__Requirement__
Would you transcribe the records below from the line with "There are some" to the line with "Yoshiharu KL-6 Maruichi", ends included, exactly and with nothing more, leaving the pictures out?

=== Information ===

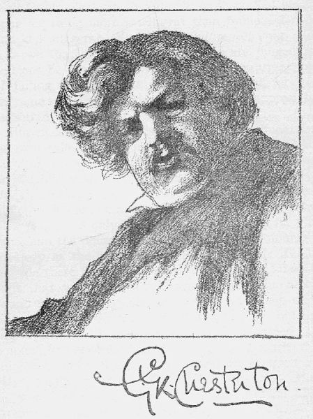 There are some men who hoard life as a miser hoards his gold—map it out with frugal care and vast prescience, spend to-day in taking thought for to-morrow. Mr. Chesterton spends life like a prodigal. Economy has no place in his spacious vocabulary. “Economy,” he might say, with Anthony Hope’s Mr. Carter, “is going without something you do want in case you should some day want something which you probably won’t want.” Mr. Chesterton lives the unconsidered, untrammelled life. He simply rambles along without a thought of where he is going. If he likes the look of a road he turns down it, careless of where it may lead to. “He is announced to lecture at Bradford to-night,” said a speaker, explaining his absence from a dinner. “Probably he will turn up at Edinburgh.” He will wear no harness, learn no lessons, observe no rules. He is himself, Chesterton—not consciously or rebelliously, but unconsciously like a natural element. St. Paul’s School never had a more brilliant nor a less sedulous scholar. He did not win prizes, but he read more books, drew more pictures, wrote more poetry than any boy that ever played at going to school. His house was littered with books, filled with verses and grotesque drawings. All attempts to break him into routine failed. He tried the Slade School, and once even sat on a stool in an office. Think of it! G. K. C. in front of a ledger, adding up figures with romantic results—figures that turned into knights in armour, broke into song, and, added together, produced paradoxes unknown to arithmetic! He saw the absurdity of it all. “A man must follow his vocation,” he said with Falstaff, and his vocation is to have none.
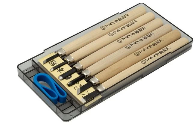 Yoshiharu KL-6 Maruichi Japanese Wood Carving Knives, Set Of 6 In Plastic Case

===
=== Information ===

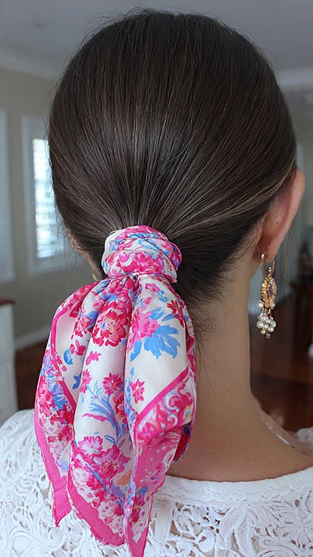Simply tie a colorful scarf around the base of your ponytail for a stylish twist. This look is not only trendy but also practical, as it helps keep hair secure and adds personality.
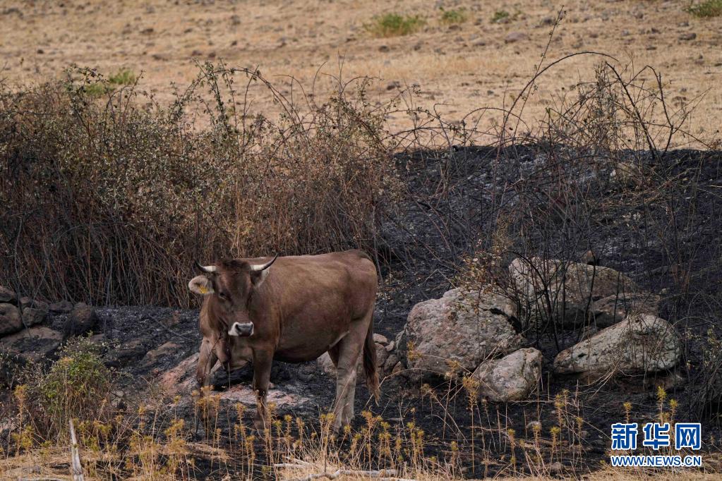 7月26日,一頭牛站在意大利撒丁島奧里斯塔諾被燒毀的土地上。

===

__Task answer__
 There are some men who hoard life as a miser hoards his gold—map it out with frugal care and vast prescience, spend to-day in taking thought for to-morrow. Mr. Chesterton spends life like a prodigal. Economy has no place in his spacious vocabulary. “Economy,” he might say, with Anthony Hope’s Mr. Carter, “is going without something you do want in case you should some day want something which you probably won’t want.” Mr. Chesterton lives the unconsidered, untrammelled life. He simply rambles along without a thought of where he is going. If he likes the look of a road he turns down it, careless of where it may lead to. “He is announced to lecture at Bradford to-night,” said a speaker, explaining his absence from a dinner. “Probably he will turn up at Edinburgh.” He will wear no harness, learn no lessons, observe no rules. He is himself, Chesterton—not consciously or rebelliously, but unconsciously like a natural element. St. Paul’s School never had a more brilliant nor a less sedulous scholar. He did not win prizes, but he read more books, drew more pictures, wrote more poetry than any boy that ever played at going to school. His house was littered with books, filled with verses and grotesque drawings. All attempts to break him into routine failed. He tried the Slade School, and once even sat on a stool in an office. Think of it! G. K. C. in front of a ledger, adding up figures with romantic results—figures that turned into knights in armour, broke into song, and, added together, produced paradoxes unknown to arithmetic! He saw the absurdity of it all. “A man must follow his vocation,” he said with Falstaff, and his vocation is to have none.
 Yoshiharu KL-6 Maruichi Japanese Wood Carving Knives, Set Of 6 In Plastic Case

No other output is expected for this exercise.